John records all his instruments.
He sits a chimpanzee in front of the computer to do the mixing and mastering.

Great! The song is complete! But wait, should he save space by delivering in 48kHz?
John doesn't see many ultrasonic frequencies in the song. Did the chimp do something? No, it's just the nature of the song.

Should he deliver in 96kHz or 48kHz? Pretend the original recording format is some random crazy high arbitrary value or take the original recording format out of the equation.
 
As its the bit resolution and the convertors linearity (i.e. is it actually 24-bit accurate with equal sized bit steps) which are more important than the sampling rate giving higher frequencies, we're not bats. The higher sample rates are done for technical reasons as it is easier to produce slower roll-off filters which can (for some people) improve the 'sound'. An awful lot was recorded at 48kHz sample rate (and often taken to 96kHz using interpolation in the final offering, which nobody notices). All that said, I usually record stuff at 96kHz/24-bits, being an electronic engineer I like more samples!
 
Yeah, more of a concern when recording. (For all the reasons DuncanS just typed out.) Any sample rate can preserve the audio after the fact as long as the conversion uses something modern-ish like SOX or r8brain. Consumers with muttled sounding low pass filter sporting DACs can upsample as a workaround. (Many consumer AVR products do this by default.) This never had anything to do with preserving artifacts above the audio band.

48k is the sweet spot for low latency needing live sound work. Lowest latency with the lowest processing hit. (96k cuts that latency in half again but with more than 2x the processing.) The default Dante network spec is 48k. Lots of reasons to not be an idiot here!

The DA and AD in my Apogee units sounds every bit as good at SD sample rates as HD. (One of the selling points.)

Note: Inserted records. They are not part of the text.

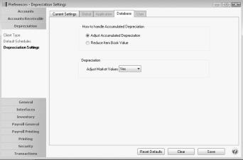 1. Select File > Preferences > Depreciation > Depreciation Settings.
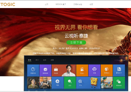 泰捷視頻下載地址:http://www.togic.com/livetv.html
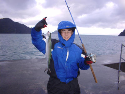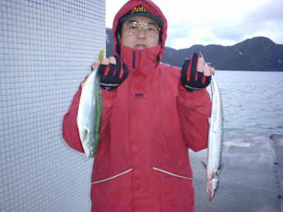 ジョナサンが卑弥呼42グラムピンクをキャストすること2投目のフォール中、フッとテンションがなくなり、「もしや?」と思ってチェックすると・・・ジグが無い!(^_^;) サゴシが居ることを確信。すぐさま1分かかるかかからないかでリーダーを再セット(オフショアノット改)。気を取り直してキャストを再開した途端、「お父さん、何か来た!」と隣りでスピードジグ42グラムブルーをキャストしていたジョナサンJr.の声。 内心「先にヤラレてしまった。」と焦りながらも「ゆっくり、ゆっくりやればいい! そうだ! そこで一気に抜き上げろ!」と余裕をかましたようにアドバイス。 揚がって来たのは35cm程のツバス!

I'll record and produce at 96k just because the switch goes there and it passively avoids the need for any low pass eq. As long as it doesn't get in the way! And I set myself up with a grossly a overpowered computer for audio so nothing gets in the way! 48k for live sound and recording though. Or if someone has some Roland drum machines and sequencing keyboards they want me to record that only run at 44.1k, that clean 1:1 digital signal coming over the USB ports at 44.1k is looking pretty good!

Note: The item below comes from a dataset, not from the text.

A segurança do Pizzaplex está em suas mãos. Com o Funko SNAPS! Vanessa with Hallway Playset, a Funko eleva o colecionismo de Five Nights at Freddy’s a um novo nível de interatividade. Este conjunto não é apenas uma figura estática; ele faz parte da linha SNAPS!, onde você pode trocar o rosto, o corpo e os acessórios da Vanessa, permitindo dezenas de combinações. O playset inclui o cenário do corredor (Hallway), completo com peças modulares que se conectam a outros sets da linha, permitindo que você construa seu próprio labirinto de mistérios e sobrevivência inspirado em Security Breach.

I'll just add that I don't mean to dismiss any audiophile pursuit of reproducing a full mix with 1:1 HD sample rates and strictly no conversions and all that. I might still agree. I might have made the argument before myself! Just that at the point of recording and production, the mix that is going to be made is 99.99999999999999999999% responsible for anything you might hear. Even if the raw track was converted back and forth to mp3 7 times! Knowing this makes it kind of hard to argue some of this. A full program final mix is another animal though and requires precision to preserve. Vs. say the raw bass di track and raw floor tom track. Keeping everything 24 bit is more important than sample rate.

There were a couple older sample rate conversion apps (past 15 years ago) that mutilated the audio very obviously. People used these in trading circles. I think one of them was called Golden Wave or similar. I think this stuff was wholly responsible for the knee jerk avoidance of sample rate conversion. And then a few circa 1990s consumer DACs that had to be heard to be believed (ie how bad they were!) I've heard some on the fly downsampling that was pretty bad too.
 
Should he deliver in 96kHz or 48kHz? Pretend the original recording format is some random crazy high arbitrary value or take the original recording format out of the equation.

Literally doesn't matter to humans, as you point out. So don't care. Both of them extend well-past the audible spectrum into the ultrasonic - the same file mastered down to 96khz versus 48khz is provably indistinguishable unless you're doing some really goofy resampling stuff, or have a very, very badly designed DAC from 20 years ago. Nobody has ever been able to ABX a difference.

The only reason I want high sample rates is because I want something with the least generational loss from the original digital master as possible.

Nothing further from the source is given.